[RFC]: mm,power: introduce MADV_WIPEONSUSPEND

* [RFC]: mm,power: introduce MADV_WIPEONSUSPEND
@ 2020-07-03 10:34 Catangiu, Adrian Costin
  2020-07-03 11:04 ` Jann Horn
                   ` (2 more replies)
  0 siblings, 3 replies; 28+ messages in thread
From: Catangiu, Adrian Costin @ 2020-07-03 10:34 UTC (permalink / raw)
  To: linux-mm, linux-pm, virtualization, linux-api
  Cc: akpm, rjw, len.brown, pavel, mhocko, fweimer, keescook, luto,
	wad, mingo, bonzini, Graf (AWS),
	Alexander, MacCarthaigh, Colm, Singh, Balbir, Sandu, Andrei,
	Brooker, Marc, Weiss, Radu, Manwaring, Derek

Cryptographic libraries carry pseudo random number generators to
quickly provide randomness when needed.

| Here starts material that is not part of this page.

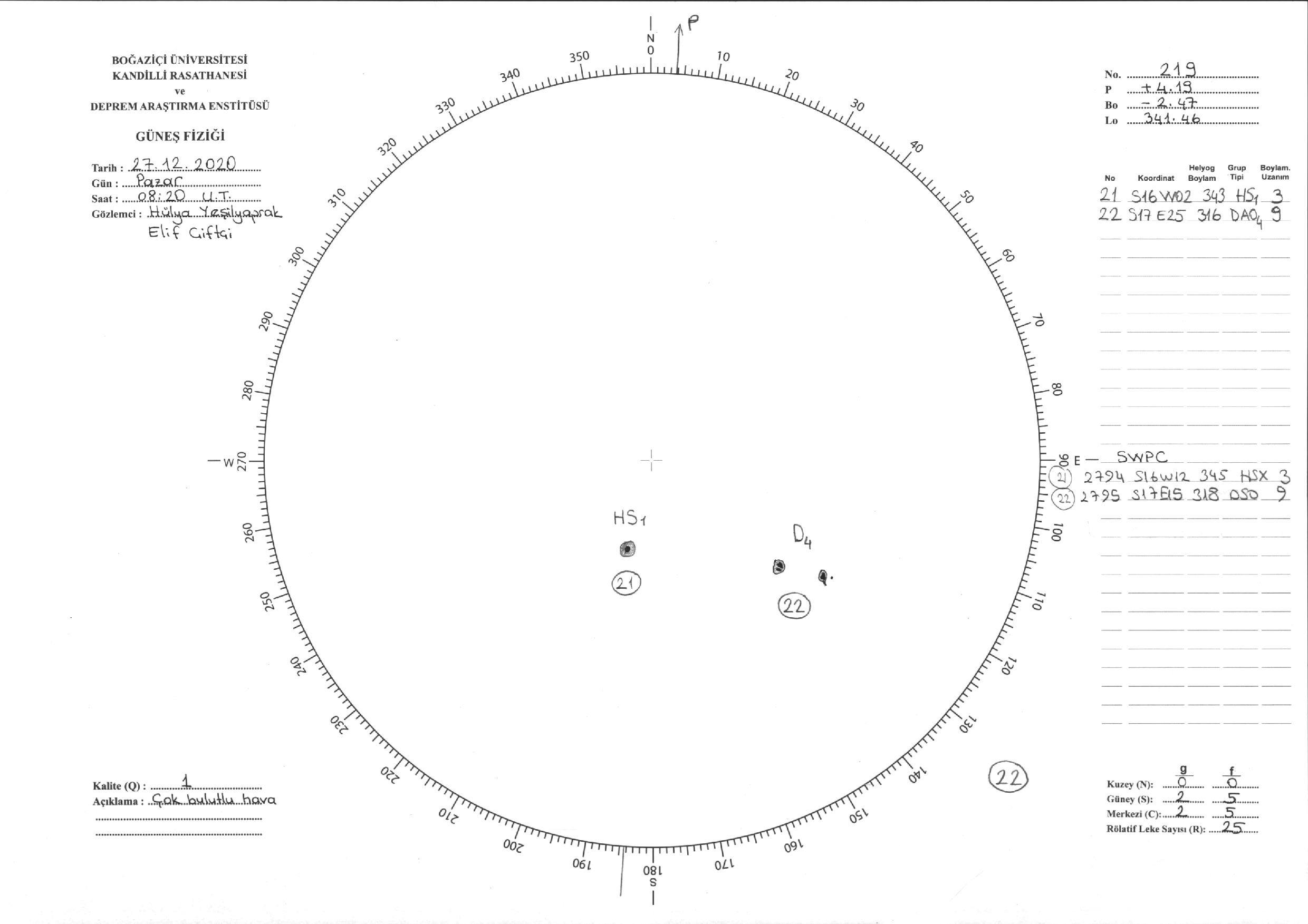 Güneş Lekesi Çizimi - 27.12.2020

If such a random pool gets
cloned, secrets may get revealed, as the same random number may get
used multiple times. For fork, this was fixed using the WIPEONFORK
madvise flag [1].

Unfortunately, the same problem surfaces when a virtual machine gets
cloned. The existing flag does not help there. This patch introduces a
new flag to automatically clear memory contents on VM suspend/resume,
which will allow random number generators to reseed when virtual
machines get cloned.

Examples of this are:
 - PKCS#11 API reinitialization check (mandated by specification)
 - glibc's upcoming PRNG (reseed after wake)
 - OpenSSL PRNG (reseed after wake)

Benefits exist in two spaces:
 - The security benefits of a cloned virtual machine having a
   re-initialized PRNG in every process are straightforward.
   Without reinitialization, two or more cloned VMs could produce
   identical random numbers, which are often used to generate secure
   keys.
 - Provides a simple mechanism to avoid RAM exfiltration during
   traditional sleep/hibernate on a laptop or desktop when memory,
   and thus secrets, are vulnerable to offline tampering or inspection.

This RFC is foremost aimed at defining a userspace interface to enable
applications and libraries that store or cache sensitive information,
to know that they need to regenerate it after process memory has been
exposed to potential copying.  The proposed userspace interface is
a new MADV_WIPEONSUSPEND 'madvise()' flag used to mark pages which
contain such data. This newly added flag would only be available on
64bit archs, since we've run out of 32bit VMA flags.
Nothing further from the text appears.